“It’s crazy that we have these incredibly powerful devices and we’re still communicating the same way we did 25 years ago,” said co-founder Olof Mathé, who added that his experience in Gmail doesn’t really differ that much from the Pine e-mail client he used two decades ago.
Mathé said the web has since evolved, with lots of expressive communication forms through video-conferencing and collaborative editing.
“E-mail remains static, plain, and un-actionable,” the company said in a statement announcing its funding round today.
Mixmax is a simple Chrome plug-in that adds extra functionality to your G-mail accounts. You can put in little apps or widgets to schedule meetings, annotate documents, make purchases, confirm orders or complete surveys — all within the e-mail. (So you don’t have to context switch to another calendar or browser tab to do a task.)

Recipients don’t need to have Mixmax installed to see any of the additional content.

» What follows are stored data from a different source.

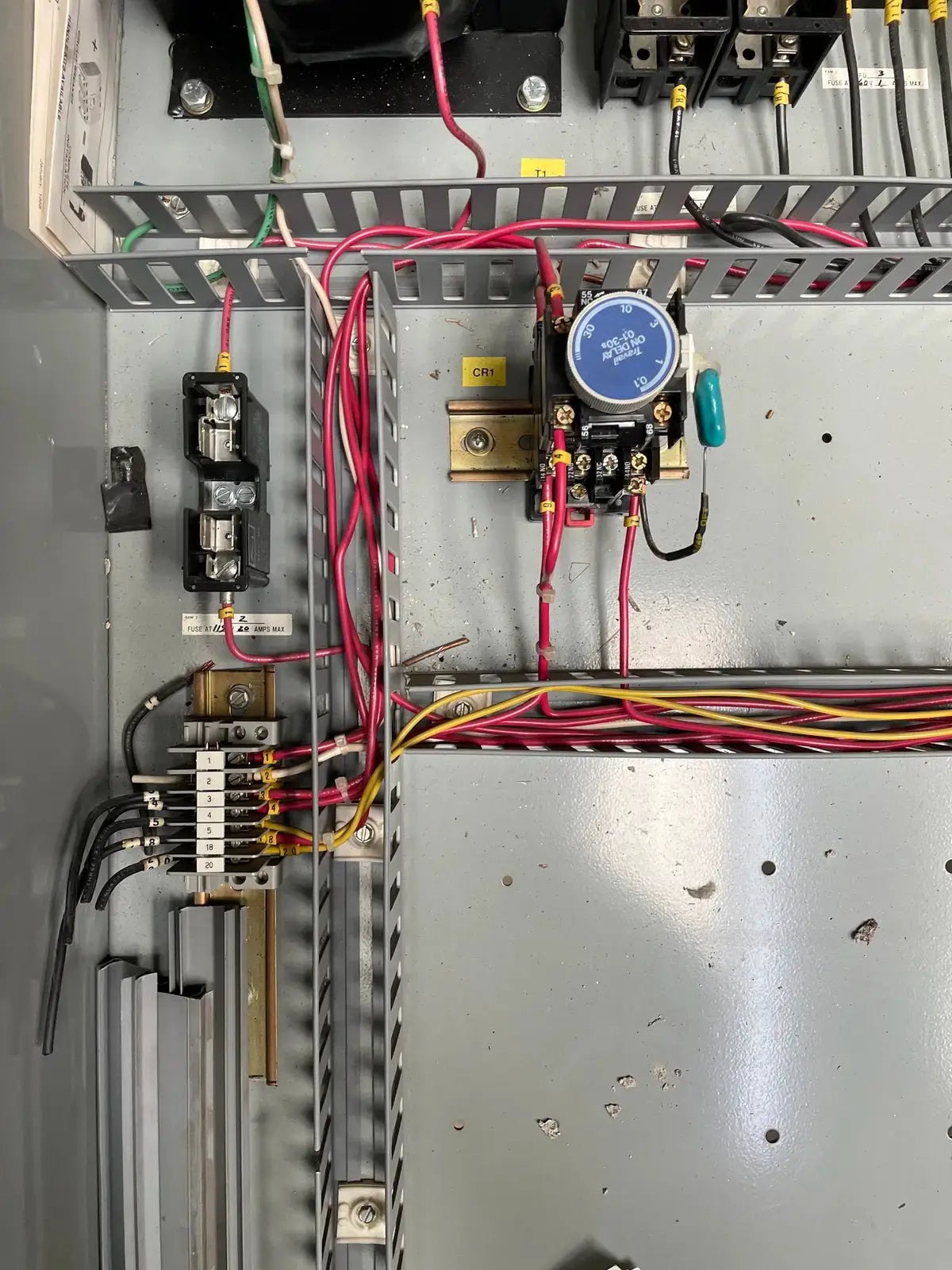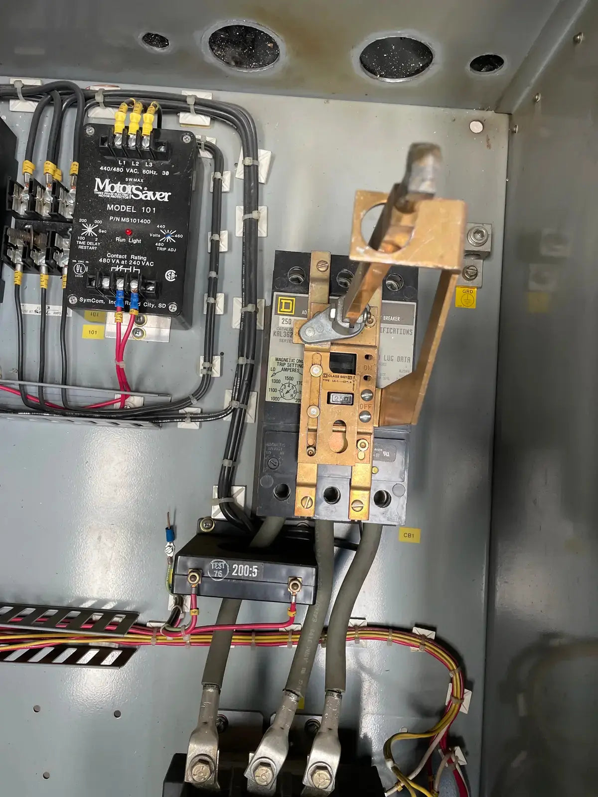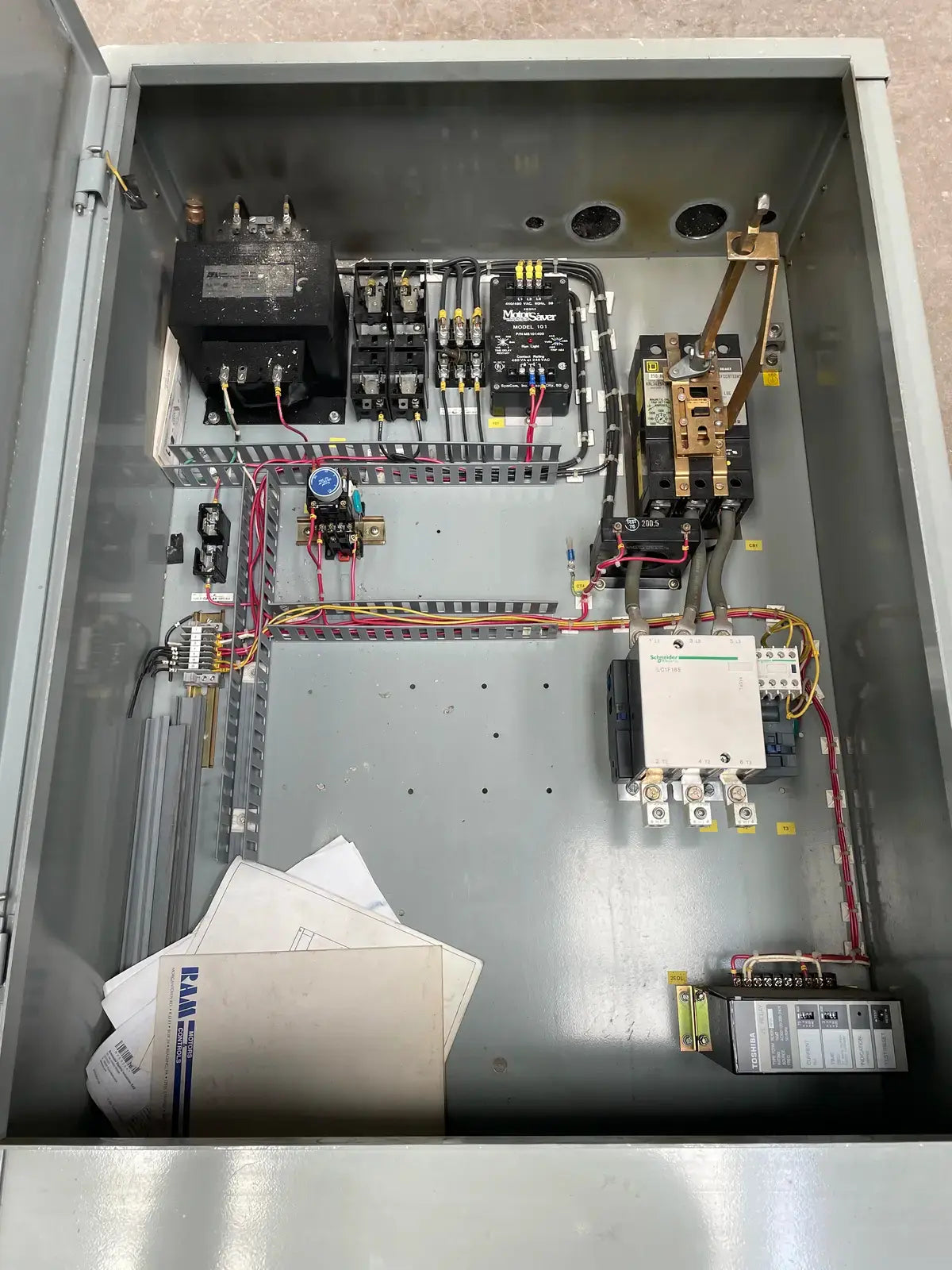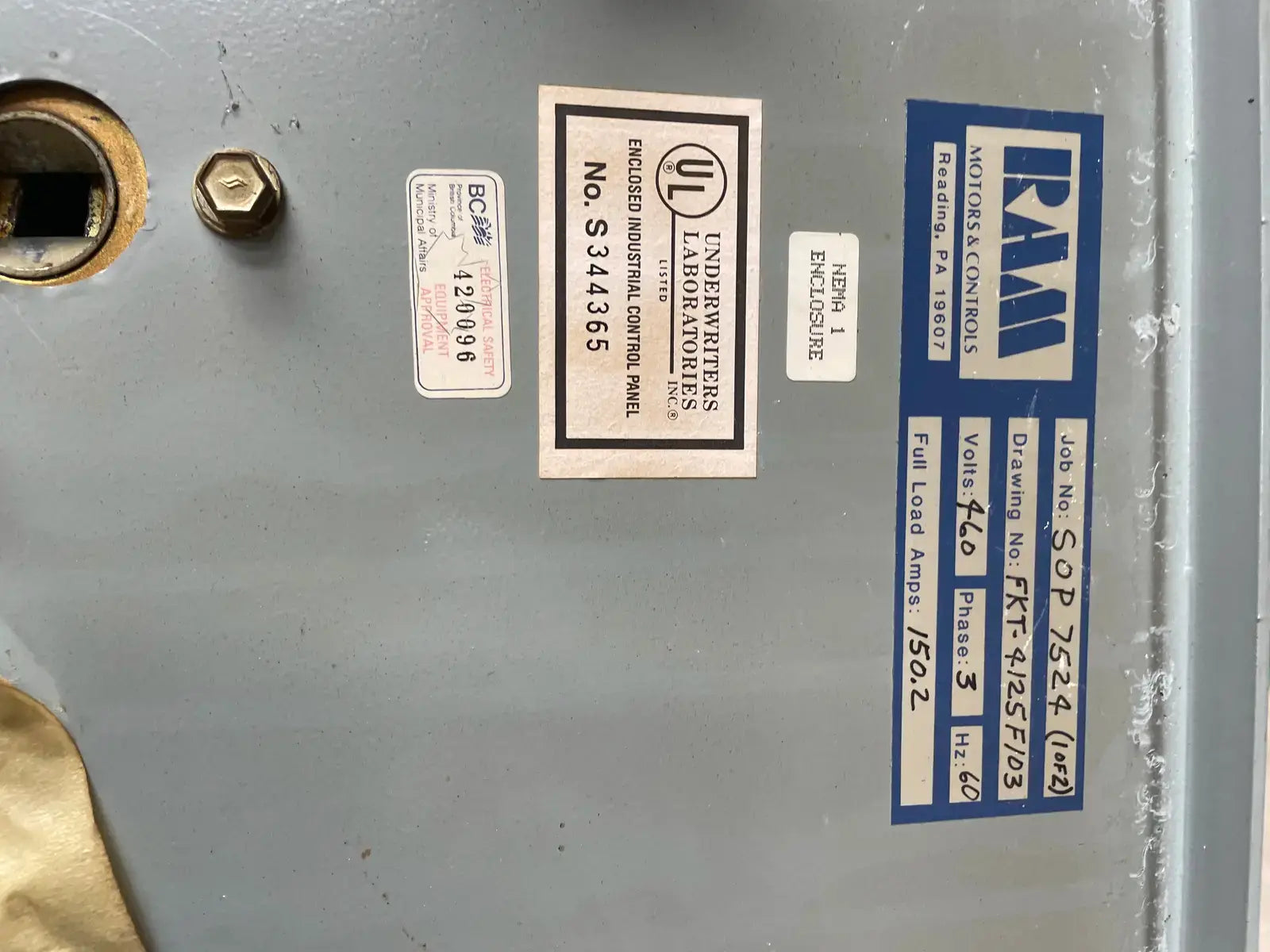 Arrancador de motor de Ram Industries. Número de trabajo: SOP7524. Número de dibujo: FKT-4125F103. Fuente de alimentación: Voltios: 460, Ph: 3, Hz: 60. Amperios a carga completa: 150,2. Potencia máxima del motor: 125 HP.
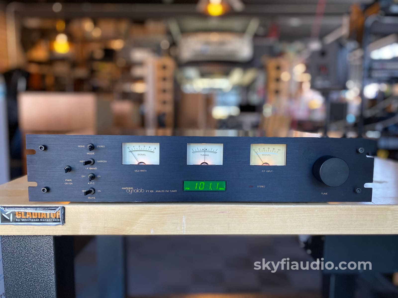 It features three backlit analog meters to help you manually tune the station which also makes it look super cool . The three meters read Multipath Interference, Tuning, and RF Input.
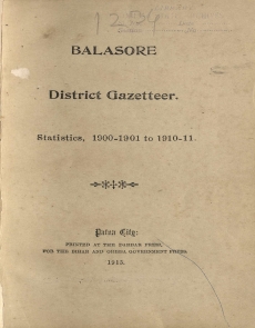 Balasore District Gazetteer Statistics, 1900-1911.
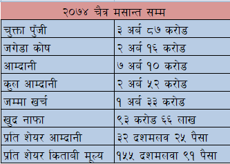 इन्स्योरेन्स खबर/काठमाडौँ: धितोपत्र बोर्डबाट प्रिमियममा प्राथमिक निष्कासन (आइपिओ ) गर्ने लागेको शिवम् सिमेन्टले  चैत्र महिना सम्मको वित्तीय विवरण सार्वजनिक गरेको छ। कम्पनीले यो ९ महिनाको अवधिमा ९३ करोड ६६ रुपैयाँ खुद नाफा गर्न सफल भएको छ। कम्पनीको जगेडा कोषमा २ अर्ब १६ करोड रुपैया छ।  आइपिओ पश्चात् कम्पनीको पुँजी ४ अर्ब ४० करोड पुग्ने छ।
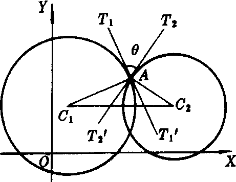 ☚ 两圆公切线长定理 两圆正交 ☛ 两圆的交角 两圆的交角liangyuan de jiaojiao指过两圆的交点分别引两圆的切线,两条切线所夹的锐角或直角;两圆的交角为直角时,称两圆互相直交或正交.
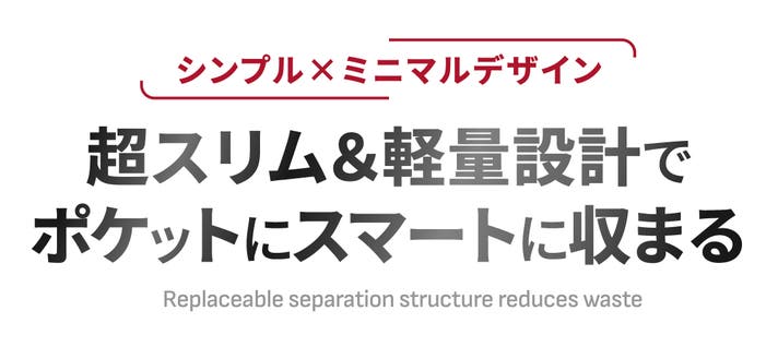 重さを感じさせない設計だから、長時間の持ち歩きや頻繁な出し入れも快適です。日常の「持つ」体験を、もっと自由で心地よいものへと進化させました。
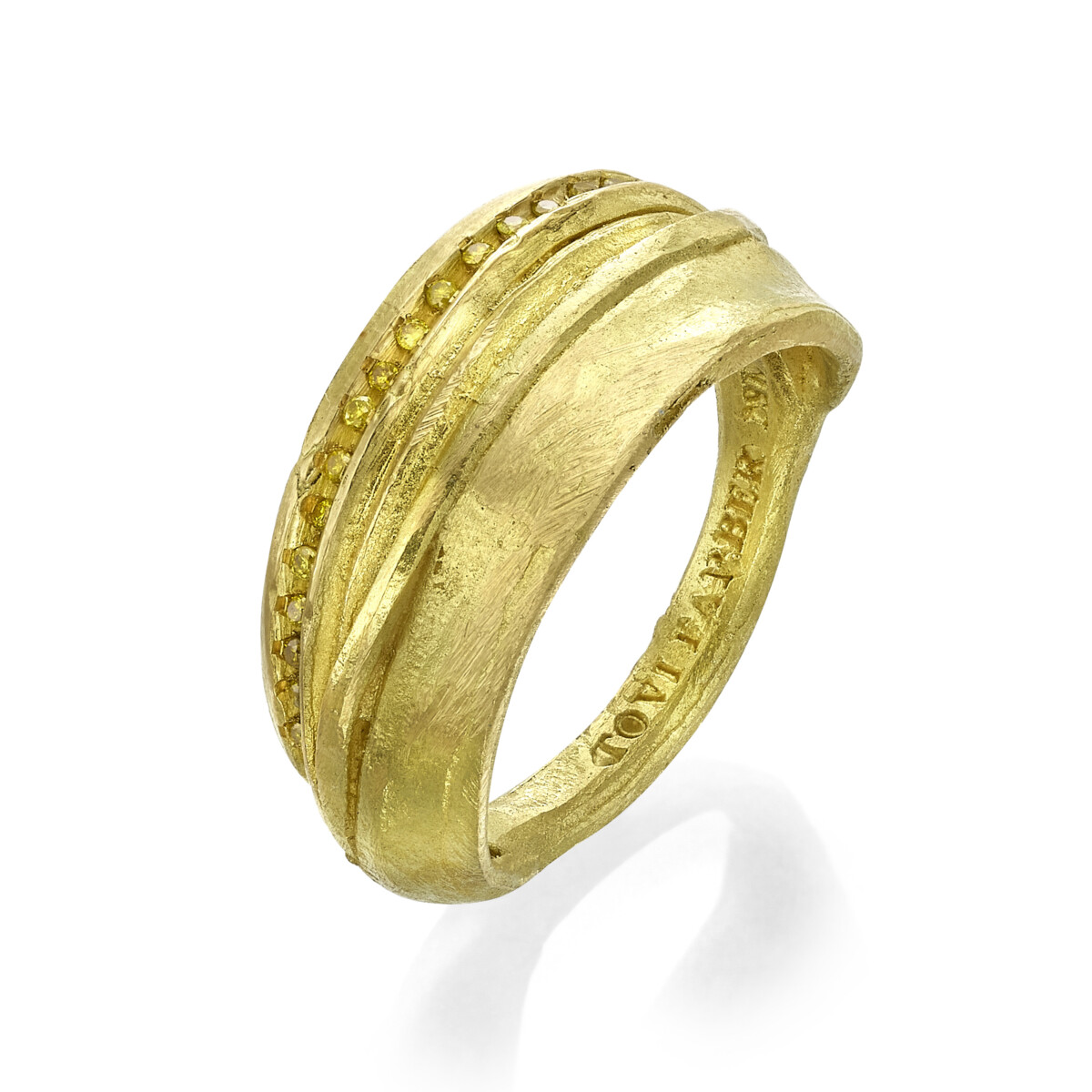 טבעת חישוק גומות זהב 18 קראט בשיבוץ יהלומים צהובים

There’s also a Mixmax SDK, which lets developers build other kinds of apps that can work inside of email.
Mathé and his co-founders Chanpory Rith, and Brad Vogel came out of Inkling where they built an e-book authoring platform called Habitat. They’ve also done stints at Skype, Google and Apple on communications products.
They plan to use the $1.5 million in fresh funding to hire additional engineers, expand the platform and build out the SDK.